What Are the Precautions for Gastric Tube Feeding Care?

Update Date: Source: Network

Feeding through Gastric Tube

When feeding through a gastric tube, it is first necessary to secure it to avoid kinking and dislodging. To fix the gastric tube, white rubber adhesive tape should be applied to the tip of the nose, and the tape should be replaced daily to ensure cleanliness and hygiene. At the same time, it is important to keep the gastric tube unobstructed by regularly flushing and suctioning gastric juice. Generally, flushing should be performed every 4 hours. When flushing, excessive force should not be used.

1. During intubation, handle the tube gently to avoid damaging the esophageal mucosa.

2. Insert the gastric tube 10-15 centimeters. If the patient is awake, instruct them to swallow to facilitate the smooth entry of the tube into the esophagus. For unconscious patients, you can lift the patient's head with your hand to bring the chin closer to the sternal manubrium, which is conducive to intubation.

3. If the patient experiences choking, dyspnea, or other symptoms during intubation, it may indicate that the gastric tube has entered the airway. In this case, remove the gastric tube and re-intubate.

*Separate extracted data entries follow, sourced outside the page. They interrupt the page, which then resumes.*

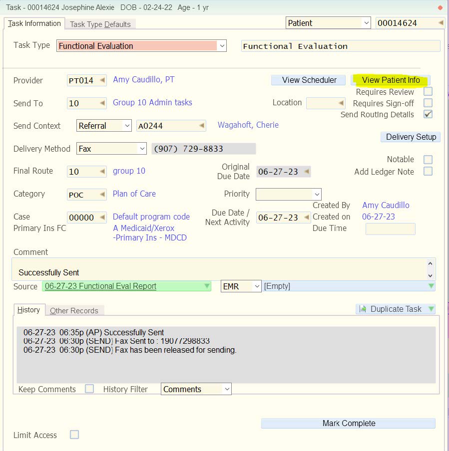 - The category for functional evals is “FUNEV” and you can sort group 10 tasks by type to get all the same task type together. The task will look like this and you can tell who the primary provider is (Amy Caudillo), where the eval was sent (the PCP per the consent to eval sig form, Cherie Wagahoft) and the child (Josephine Alexie). Click on View Patient Info or you can also type “C” when the task is highlighted to take you directly to the chart without looking at the task.
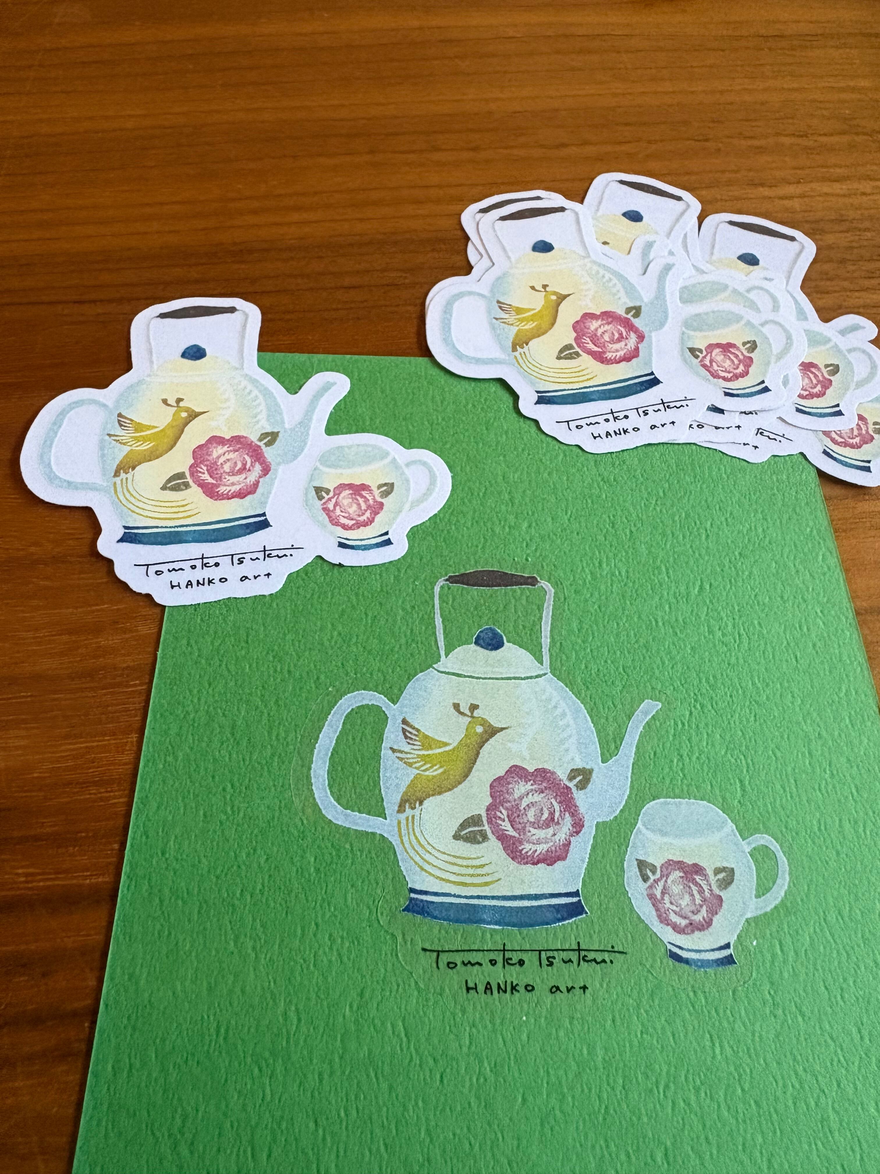 津久井智子の消しゴム版画から、人気の絵柄をプリントして、透明ステッカーを作りました!
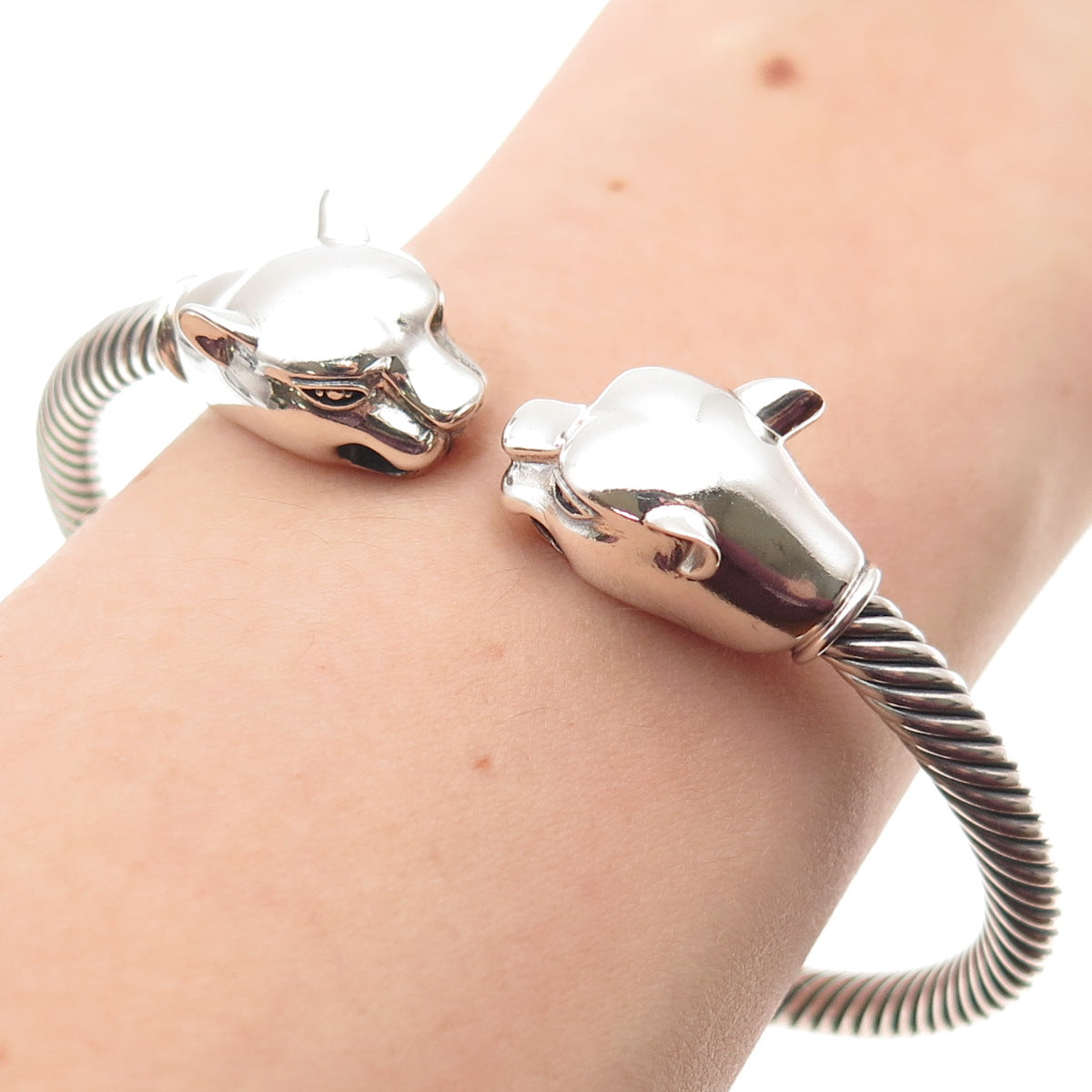 925 Sterling Silver Vintage Panther Adjustable Cable Cuff Bracelet 7"
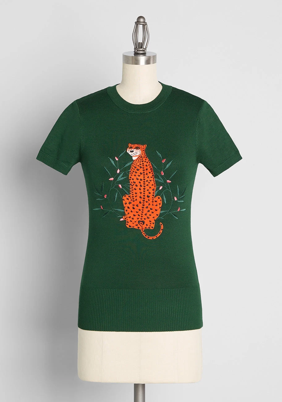 Beautifully embroidered with an orange cheetah peering over their shoulder amidst a tangle of blooming vines, this wildly unique knit top from UK brand Bright and Beautiful is sure to become a favorite in your collection. Made from a stretchy, viscose-blend knit, this emerald green top boasts short sleeves and ribbed-knit detailing at the crew neck, cuffs, and wide hemline. With a snugly fitted silhouette, this short sleeve sweater fits best when sized up!
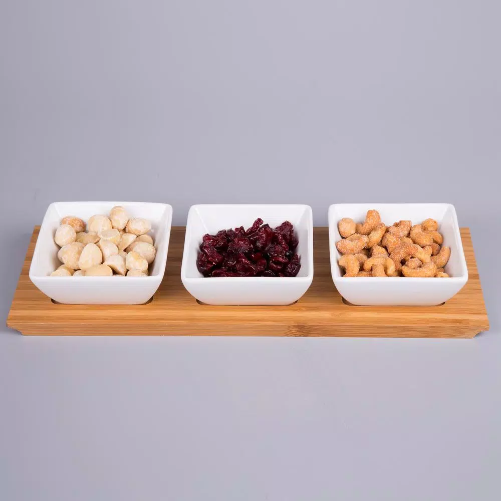 Set includes 3-stoneware square bowls and 1-natural bamboo serving tray. Overall size: 13-3/8 in. x 4-3/4 in. x 2 in. H; bowl size: 3-3/4 in. x 3-3/4 in. x 1-5/8 in. H; board size: 13-3/8 in. x 4-3/4 in. x 1/2 in. H. Fabulous design, perfect for serving snacks, appetizers or use for dips, sauces, condiments and toppings. Perfect for any occasion. Also makes a thoughtful housewarming, bridal shower or birthday gift. Fresh and natural appearance. Stoneware bowls are dishwasher safe. Bamboo serving tray is hand wash only, wipe clean.
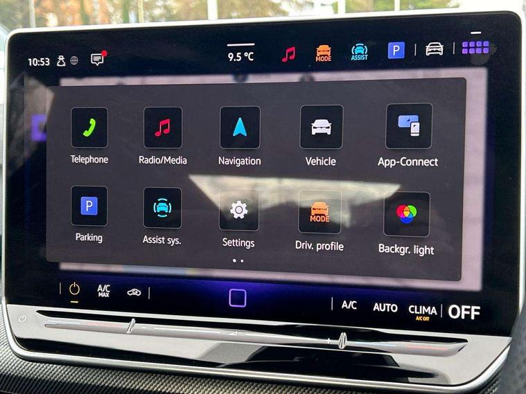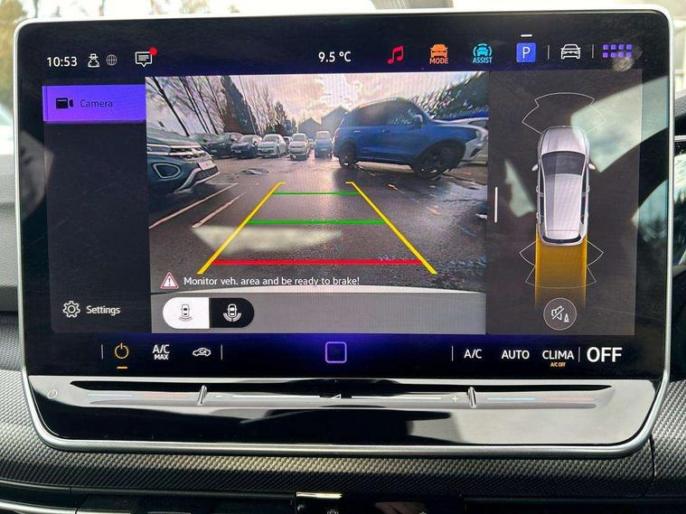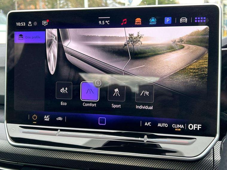 Activated carbon canister, Adaptive cruise control (ACC), Advanced driver attention and drowsiness monitor, Dynamic road sign display, Dynamic steering, E-Sim card for online connectivity, eCall emergency call system, Multi-color Digital cockpit pro, selection of different info profile possible, Multifunction front facing camera for distance control, Navigation system, Oncoming vehicle braking when turning including swerve support, Preparation for light assist system, Speed limiter, Speedo, rev counter, electronic odometer, trip, service interval display, exterior temperature and fuel gauge, Traffic jam assist, Voice enhancer and voice control, Warning signal and warning light for front and rear seatbelts not fastened, We connect plus preparation, We connect preparation, Wireless app connect, Petrol Particulate Filter, Start-stop system with battery regeneration (recuperation - energy recovery during braking), XDS electronic differential lock for improved traction and handling, 2 USB C ports in front, 2 USB charging sockets on the centre console in the rear charging capacity upto 45W, Comfort telephony + wireless charging, without wireless aerial connection, Digital radio reception (DAB), Diversity antenna for FM reception, Gaming platform via car app, Infotainment system with 12.9" display, Mobile phone interface with inductive charging feature, 3rd brake light, Auto headlights, Automatic headlamp activation with Coming home and Leaving home feature, Body colored bumpers in R-Line style, Body colour door handles, Exterior ambient lighting with illuminated door handles, Exterior mirrors convex on the left and aspherical on the right, Front and rear electric windows, Heat insulating windshield made of laminated glass, LED daytime running lights, Rear exhaust tailpipe, Rear fog light on one side and reversing lights on both sides, Rear side wing doors, Rear windscreen washer and wiper with interval delay, Remote electrically foldable door mirrors, puddle lights and reverse activated passenger's door mirror, Welcome light with surround lighting, 12V socket in front centre console, 12V socket in luggage compartment, 3 rear head restraints, 3 seat bench in 2nd row, Ambient lighting with 30 colour including LED light unit in front footwell with selectable light colour, Brushed stainless steel pedals, Carpet mats, front and rear, Chrome plated radiator grille inserts, air vent surrounds and light switch surrounds, Front centre armrest, Integrated front head restraints, ISOFIX anchors for child seats on outer rear bench seats and on front passanger seat compatible for i-Size, Leather gearshift handle, Luggage compartment lighting, Premium sports seats in front, Rear cupholder and loadthough, Single front passenger seat, Soul black instrument panel, Split folding backrest with centre armrest and unsplit rear seat bench, Storm grey roof lining, Sun visors with illuminated vanity mirrors, 3 point height adj front seatbelts + pretensioners, 3 rear three point seatbelts, ABS, Autonomous emergency braking front assist with pedestrian and cyclist monitoring, Child locks on rear doors, Driver and front passenger airbag with front passenger airbag deactivation, Electronic parking brake with auto hold, ESC (Electronic Stability Control), Extended pedestrian protection measures, Rear disc brakes, Two tone horn, Tyre pressure loss indicator, Volkswagen roadside assistance, Anti theft wheel bolts, Preparation for alcohol interlock, Decorative inserts carbon grey for dashboard and front door trim panels,

4. After each insertion of the gastric tube, ensure that the tube remains in the stomach. Use a small amount of warm water to flush the tube before feeding to prevent clogging.

5. Nasogastric fluid should be around 38°C. Avoid overeating, as this can irritate the gastric mucosa.

6. Patients requiring long-term nasogastric feeding should undergo oral care twice daily and frequently change the gastric tube. Regular gastric tubes should be changed weekly, while silicone gastric tubes should be changed monthly.

7. Patients with esophageal varices or esophageal obstruction should avoid nasal medication, which means they should not be intubated with a gastric tube.